Joining both datasets together

ham_spam <- c(spam, ham)
meta(ham_spam[[1]])
##   author       : character(0)
##   datetimestamp: 2018-11-04 19:23:25
##   description  : character(0)
##   heading      : character(0)
##   id           : 0000.7b1b73cf36cf9dbc3d64e3f2ee2b91f1
##   language     : en
##   origin       : character(0)

In the following step we will identify which part of the data is spam and which one is not by adding 1 for spam and 0 for non spam

for (i in 1: length(ham)){
  meta(ham_spam[[i]],"classification")<-0
}

for(i in (length(ham)+1):(length(ham) + length(spam))){
  meta(ham_spam[[i]],"classification")<- 1
}
for (i in 1:10){
  ham_spam<-sample(ham_spam)
}
meta(ham_spam[[11]])
##   author        : character(0)
##   datetimestamp : 2018-11-04 19:23:25
##   description   : character(0)
##   heading       : character(0)
##   id            : 0109.601a9cd8272f22236b27e95dbe2fa22d
##   language      : en
##   origin        : character(0)
##   classification: 0

Tokenize the joint dataset using DocumentTermMatrix

ham_spam_dtm<-DocumentTermMatrix(ham_spam)
ham_spam_dtm
## <<DocumentTermMatrix (documents: 752, terms: 63577)>>
## Non-/sparse entries: 243955/47565949
## Sparsity           : 99%
## Maximal term length: 298
## Weighting          : term frequency (tf)
#Remove sparse terms
ham_spam_dtm<-ham_spam_dtm %>%removeSparseTerms(1-(10/length(ham_spam)))
ham_spam_dtm
## <<DocumentTermMatrix (documents: 752, terms: 3104)>>
## Non-/sparse entries: 149646/2184562
## Sparsity           : 94%
## Maximal term length: 95
## Weighting          : term frequency (tf)

Statistics about spam_dtm and ham_dtm

spam_dtm<-spam %>% DocumentTermMatrix()
spam_f<-spam_dtm %>% as.matrix %>% colSums()
length(spam_f)
## [1] 30450
ham_dtm<-ham %>% DocumentTermMatrix()
ham_f<-ham_dtm %>% as.matrix %>% colSums
length(ham_f)
## [1] 38026

Wordcloud

#spam wordcloud
wordcloud(spam, max.words=15, random.order = FALSE, random.color=TRUE, colors = palette())

#ham wordcloud
wordcloud(ham, max.words=15, random.order = FALSE, random.color=TRUE, colors=palette())

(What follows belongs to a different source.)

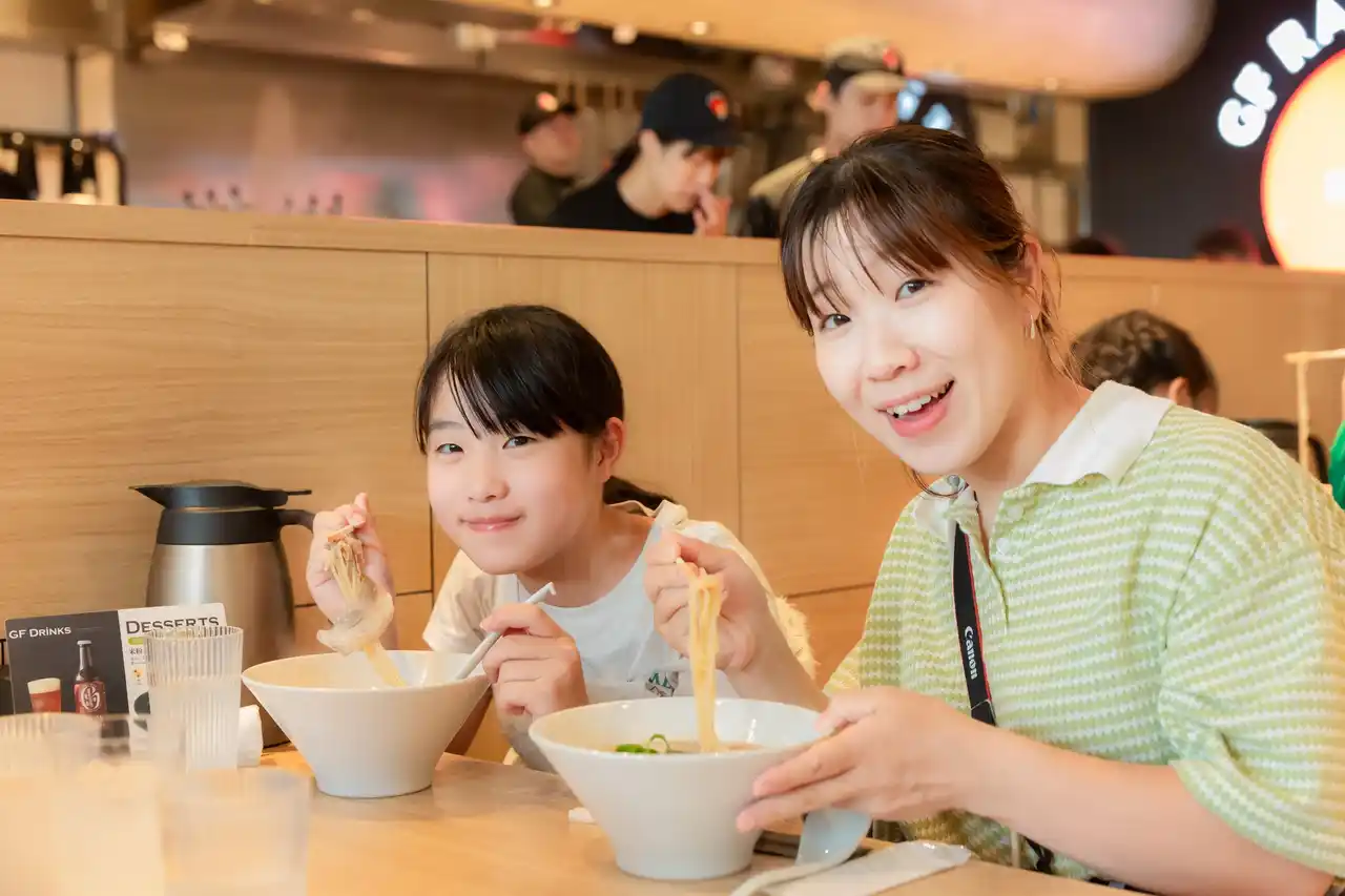 | 小麦アレルギーを持つお子さまのご家族からは、「このお店のために万博に来ました。家族で初めて同じラーメンを食べることができました」との感動的なお言葉を頂戴し、海外からのお客さまからも「日本ではグルテンフリーの選択肢が少ない中、家族で美味しく食事ができた」とのご感想をいただきました。 |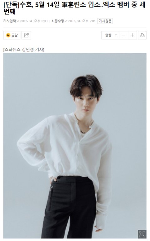 엑소 수호 5월 14일에 군입소한대

Classification model with Naives Bayes

lbl_ham_spam<-as.vector(unlist(meta(ham_spam, type ="local", tag = "classification")))
head(lbl_ham_spam)
## [1] 1 1 1 0 0 1
N<-length(lbl_ham_spam)
ham_spam_cont<-create_container(ham_spam_dtm,labels = lbl_ham_spam, trainSize = 1:520, testSize = 521:N, virgin = TRUE)

RandomForest

Random Forest is a classification model that uses the training set to create multiple decision trees and assign the data in the test set a classification which is the result of each individual decision tree.

tree_dec_ham_spam<-train_model(ham_spam_cont, "TREE")
tree_res_ham_spam<-classify_model(ham_spam_cont, tree_dec_ham_spam)
head(tree_res_ham_spam)
#Probability
prop.table(table(tree_res_ham_spam[,1]== lbl_ham_spam[521:N]))
## 
##      FALSE       TRUE 
## 0.04310345 0.95689655

With the random forest model, we can predict at 94% of accuracy.